Your objective:
Exactly as written, reproduce the lines from the beginning of the data through the line containing "ширины | (1585-1615)x1900 |"; the pictures are not reproduced.

** Opening Data shown block **

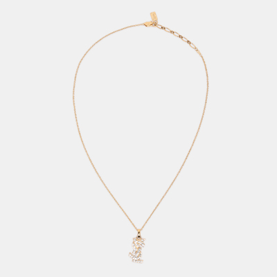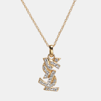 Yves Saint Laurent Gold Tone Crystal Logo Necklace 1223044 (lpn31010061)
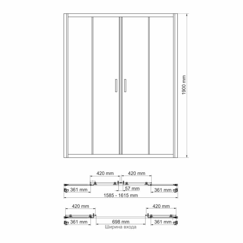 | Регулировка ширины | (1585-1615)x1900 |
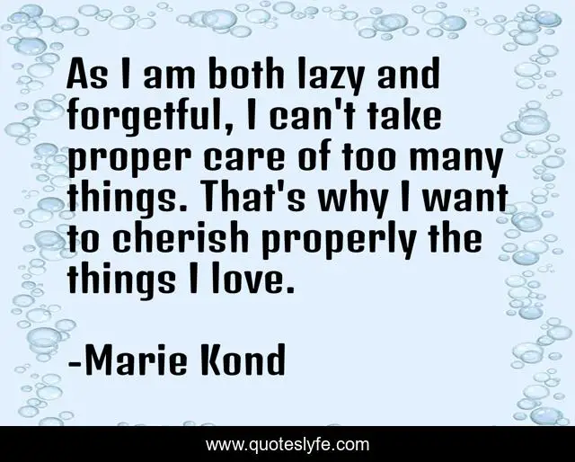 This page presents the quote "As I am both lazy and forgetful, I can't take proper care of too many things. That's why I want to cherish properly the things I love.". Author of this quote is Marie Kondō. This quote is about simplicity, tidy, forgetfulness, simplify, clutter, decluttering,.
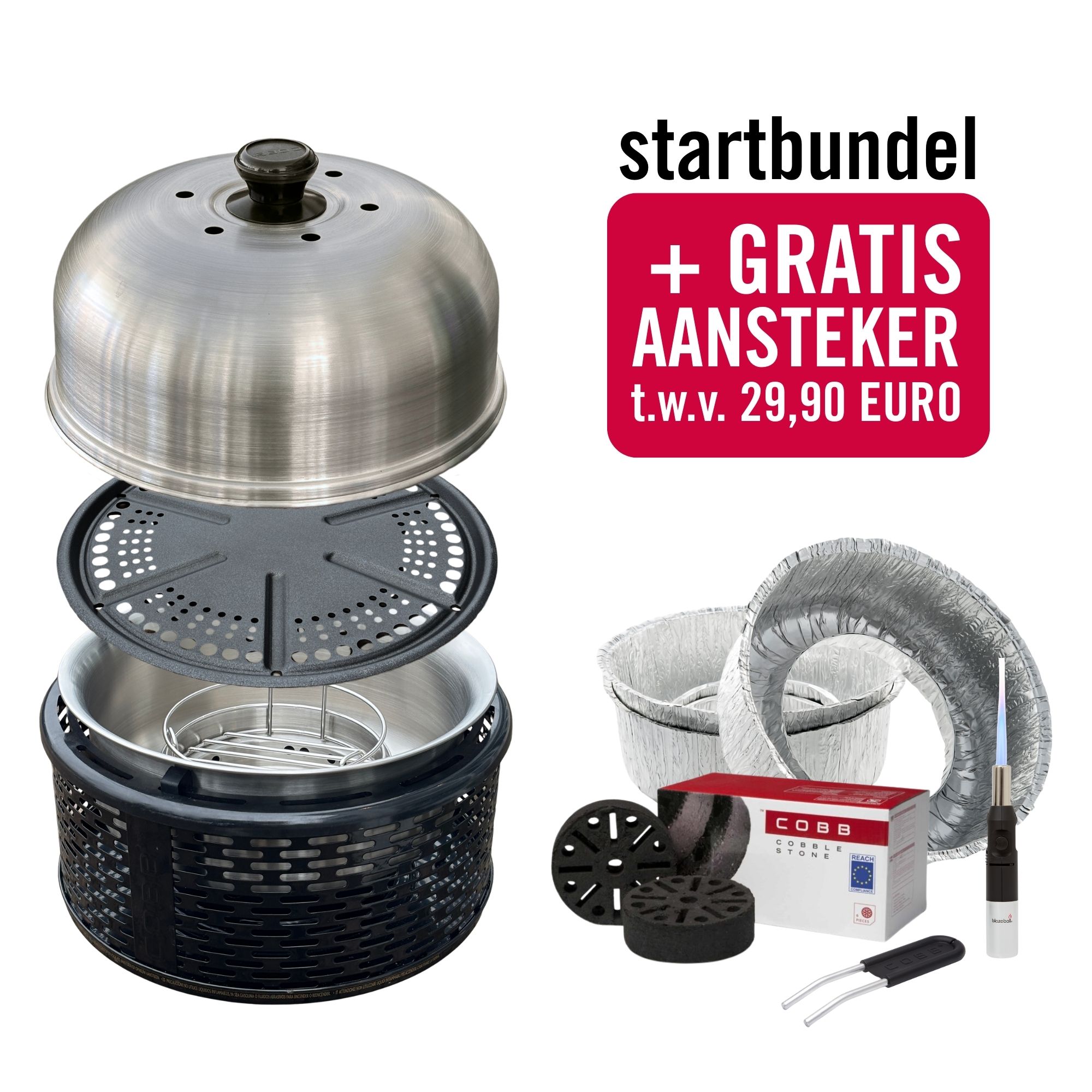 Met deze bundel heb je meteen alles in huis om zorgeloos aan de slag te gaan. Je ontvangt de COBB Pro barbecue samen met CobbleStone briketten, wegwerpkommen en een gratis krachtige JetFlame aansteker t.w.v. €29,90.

** Closing Data shown block **

Expected answer:
 Yves Saint Laurent Gold Tone Crystal Logo Necklace 1223044 (lpn31010061)
 | Регулировка ширины | (1585-1615)x1900 |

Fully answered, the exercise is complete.